Bir mezhebin faaliyeti tüm Müslümanlara malediliyor
İlhan KARAÇAY yazıyor
Hollanda, geçtiğimiz hata içinde, selefilik mezhebine ait okullarda verilen eğitim ile mücadele edilmesi gerektiği tartışmaları ile çalkalandı.
Belçika’da da hissedilen bu çalkalanma, medyanın en ilgi çeken konusu oldu.
Selefizme karşı sert önlemlerin alınması gerektiğine inanlar çoğunlukta iken, bazı yorumcular ve politikacılar da ‘abartı’dan kaçınılması gerektiğini vurguladılar.
Hollanda medyasında Selefi mezhebine ait camilerde, kadın ve eşcinsellerin aşağılandığı, Kuran kurslarında “kâfirlerin ve eşcinsellerin öldürülmeyi hak ettiği” yönünde sözler söylendiğine dair haberlerin çıkması üzerine, Amsterdam’ın Yeşil Sol partili bayan Belediye Başkanı Femke Halsema, bu görüşlerde ısrar eden camilerin kapatılacağını açıkladı.
Bu konuda Hollanda devlet TV’si NPO 2’nci kanalında Haber Saati (Nieuwsuur) programında bir söyleşiye de yer verildi.
TV programı ve bazı ana akım gazetelerin yaptıkları araştırmaya göre, bu okullarda ve kurslarda gençler, kafirlere, Hıristiyanlara, Yahudilere, eşcinsellere karşı şartlandırılıyor, kadınlar aşağılanıyor.
Belçika’nın Flaman Kesiminde ‘kadınların hafif şekilde dövülebileceği’ vaaz edilen caminin ruhsatının askıya alındığı bildiriliyor.
Camide görevli bir imamın, “itaatsizlik eden kadınların hafifçe dövülmesinde sakınca olmadığı” yönündeki vaazı üzerine, cami ruhsatı geçici olarak askıya alınmış.

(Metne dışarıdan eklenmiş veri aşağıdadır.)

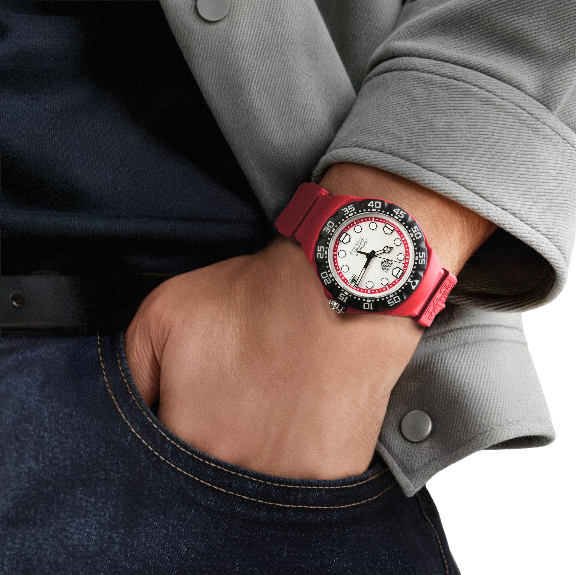 The white opalin dial is framed by a dynamic red flange and a black TH-Polylight bezel, while the black lacquered hands and indexes, coated with eggshell Super-LumiNova®, stand out vividly.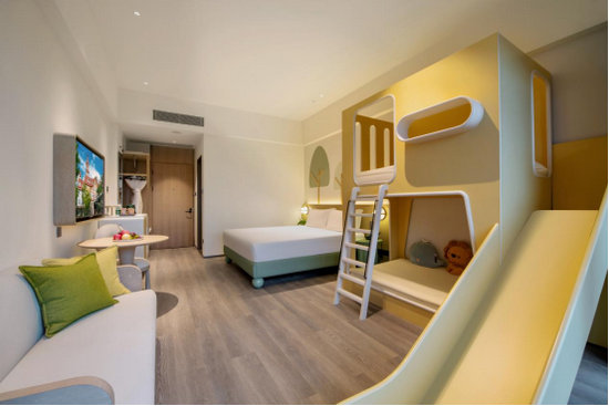 黑森林嘉途酒店,坐落于風(fēng)景如畫的國家級(jí)旅游度假區(qū)東部華僑城內(nèi),經(jīng)過升級(jí)改造后,更加凸顯了其作為親子度假酒店的獨(dú)特魅力。酒店擁有300間(套)客房,在被森林綠意環(huán)繞充滿童話感的五彩城堡中營造出溫馨的童趣空間,在保持原有歐式童話建筑風(fēng)格的基礎(chǔ)上,對(duì)客房、餐廳及配套設(shè)施進(jìn)行全面優(yōu)化升級(jí)。融入豐富的親子元素,無論是色彩繽紛的兒童餐廳,還是配備了滑梯、攀爬架、樹屋的萌趣客房,處處洋溢著童真與歡樂。全新升級(jí)的戶外泳池,配備了適合全年齡段的水上游樂設(shè)施,一鍵開啟充滿樂趣的戲水之旅。值得一提的是,酒店新落成一處占地超900平方米的兒童體驗(yàn)中心,巧妙地將兒童游樂園和托管區(qū)兩大功能區(qū)域融為一體,營造出一個(gè)互動(dòng)性強(qiáng)、充滿樂趣和探索的環(huán)境。酒店的AIO愛游玩團(tuán)隊(duì)致力于為親子家庭打造一個(gè)自由悠閑、寓教于樂的體驗(yàn)空間,讓遛娃變得輕松愉快。

Belçika’da eski devlet Bakanı Zühal Demir, ülkesinde de Hollanda’dakine benzer sorunların yaşandığını söyledi. Demir, sayıları giderek artan Kuran kursları konusunda kapsamlı araştırma yapılması için, Devlet Güvenliği Kurumu’na çağrıda bulundu.
Demir’e göre, eğitim müfettişlerinin denetiminden uzak olan Kuran kurslarında ‘radikal dini öğretiler’ çocukları hedef alıyor.
Medya, aşağıdaki köşe yazısında görüleceği gibi, Selefistler’in bu okullarda ve kurslarda at oynattığını savunuyor ve sözkonusu kuruluşların denetlenmesini istiyor.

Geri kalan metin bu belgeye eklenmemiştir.